The Silent Companions
Laura Purcell
Penguin Books
In 1865, Elsie Bainbridge’s new marriage comes to an end with the sudden death of her husband Rupert. She is pregnant with his child. She arrives at The Bridge, the Bainbridge family’s country estate, intending to inter Rupert in his family vault and spend the rest of her confinement in peace. With only the companionship of Rupert’s cousin Sarah and occasional visits from her brother Jolyon, Elsie tries to come to terms with the household with its stand-offish servants. She has plans to improve the run-down house and the decrepit local village of Fayford, but it seems something has other ideas.
. . . instills a sense of creeping horror . . .

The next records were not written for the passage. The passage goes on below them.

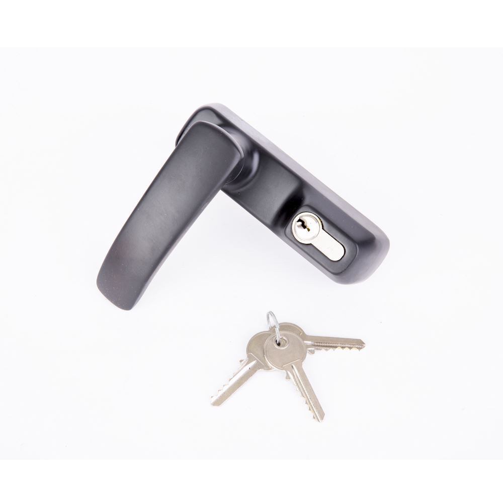 Cerradura para barra de aplicar, manija y cilindro integrado.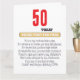 Graciosa tarjeta de poema de cumpleaños número 50 para mandarla a cualquiera para celebrarla cuando cumpla sesenta años. Para un niño de 50 años con buen sentido del humor y una simple prueba de orina para revisar sus necesidades básicas. Personalizar la tarjeta con la edad y el mensaje.
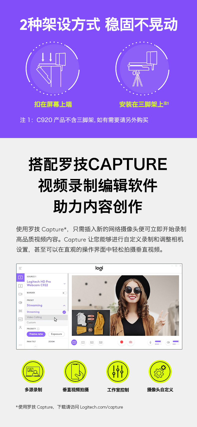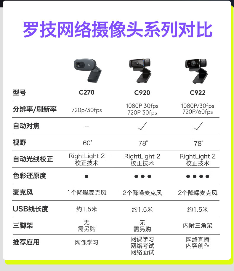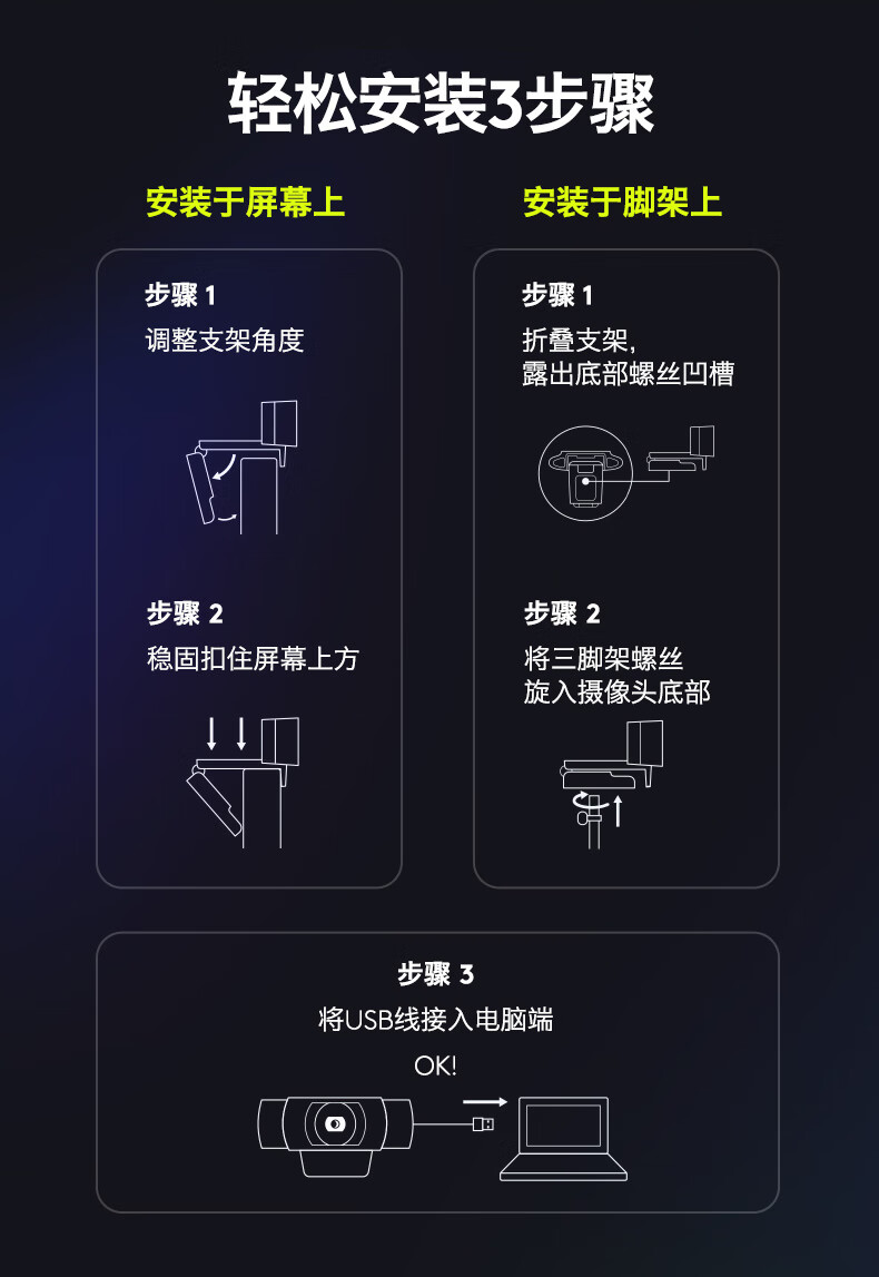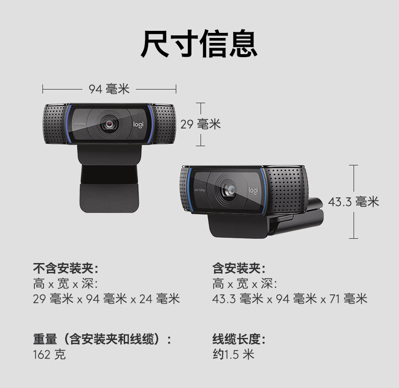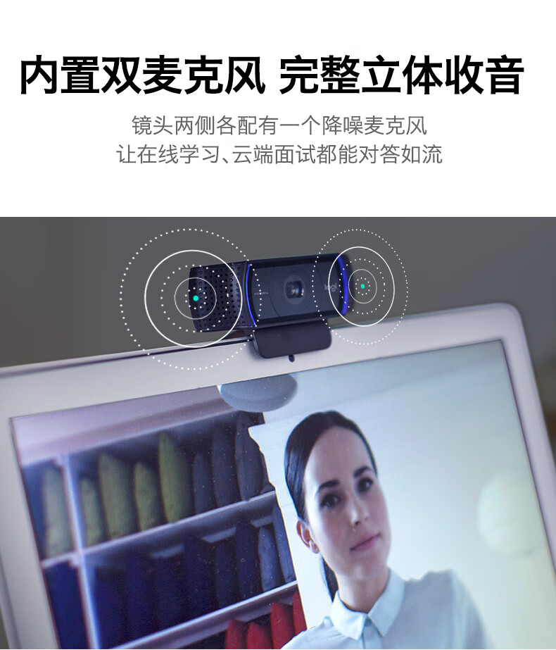 商品名称:罗技 C920 PRO 直播摄像头 1080P高清 30fps 双麦拾音 (16108)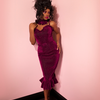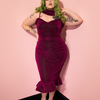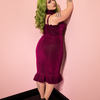 “Never trust the living!” Pulling inspiration from the Afterlife waiting room we present the Waiting Room Dress! This glamorous fuschia lurex dress is inspired by the magician’s assistant who met her untimely demise by being cut in half. Comes with a 1" belt of self-fabric. The choker comes with the dress and is lined in ITY with an elastic button loop for slight ease on the neck.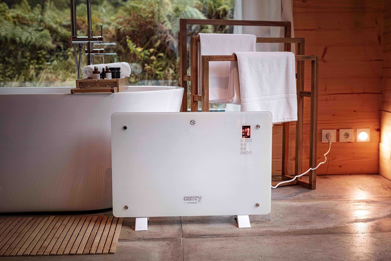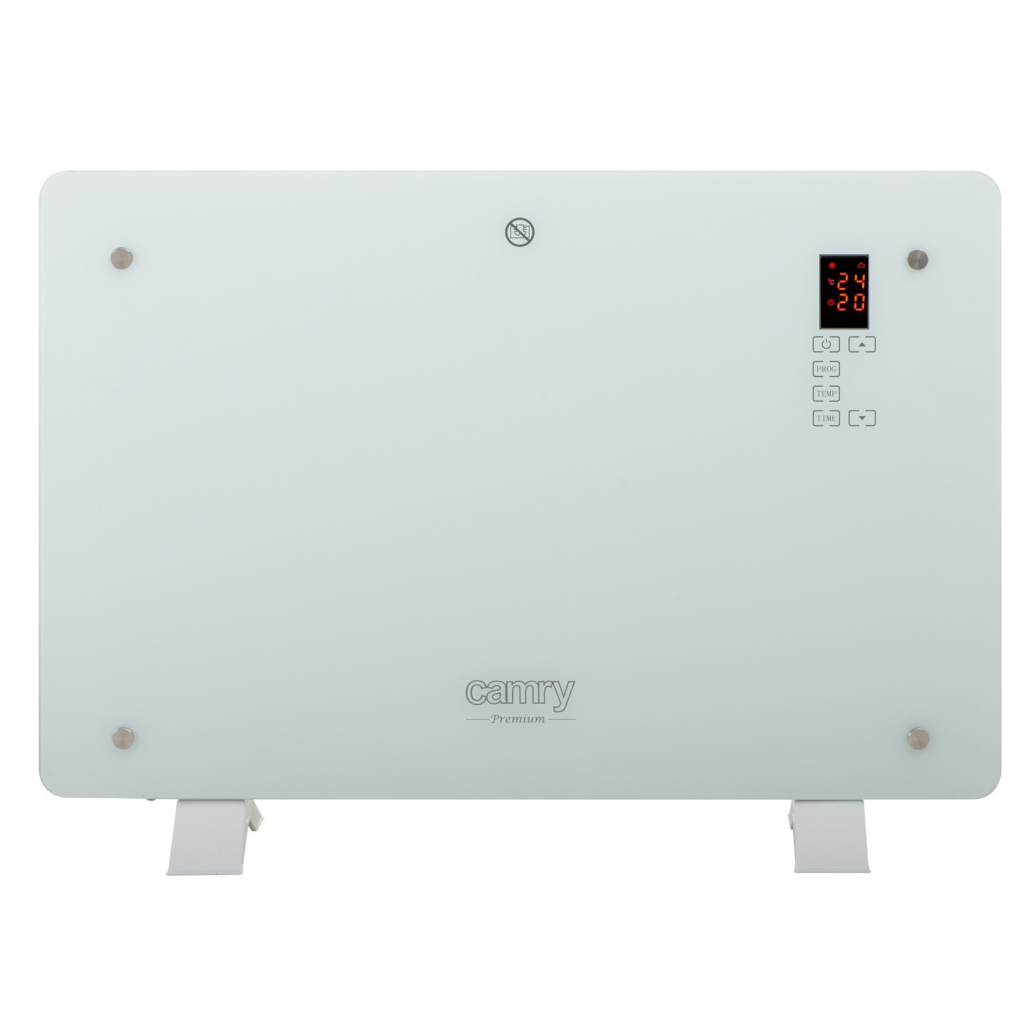 Camry CR7721 Convection Glass Heater featuring a glass surface, LCD display, touch control, remote, 1–24 h timer, 750/1500W heat, 5–35°C range, room temp sensor, safety switch.

Rupert’s seventeenth century ancestor Anne Bainbridge bought a number of painted life-size figures called silent companions, intending to amuse King Charles I and his queen during their stay at The Bridge. The realistic-looking images disturb Elsie from the first time she encounters them in a locked garret. Her sense of unease deepens as they turn up in unexpected places around the house, seemingly without human intervention. Who is the young girl depicted in one of the images? And do her eyes really follow Elsie’s movements? Sarah reads Anne Bainbridge’s journals and discovers the strange events affecting The Bridge are connected to the disastrous royal visit in 1635. Local legend says Anne was a witch, and her daughter Hetta far worse. A series of accidents begin to occur followed by a sudden death. Soon Elsie is fighting for her life and sanity as the silent companions watch and wait.
Laura Purcell’s The Silent Companions gives the reader a skillfully written story that instills a sense of creeping horror from the first page. One for lovers of Gothic horror.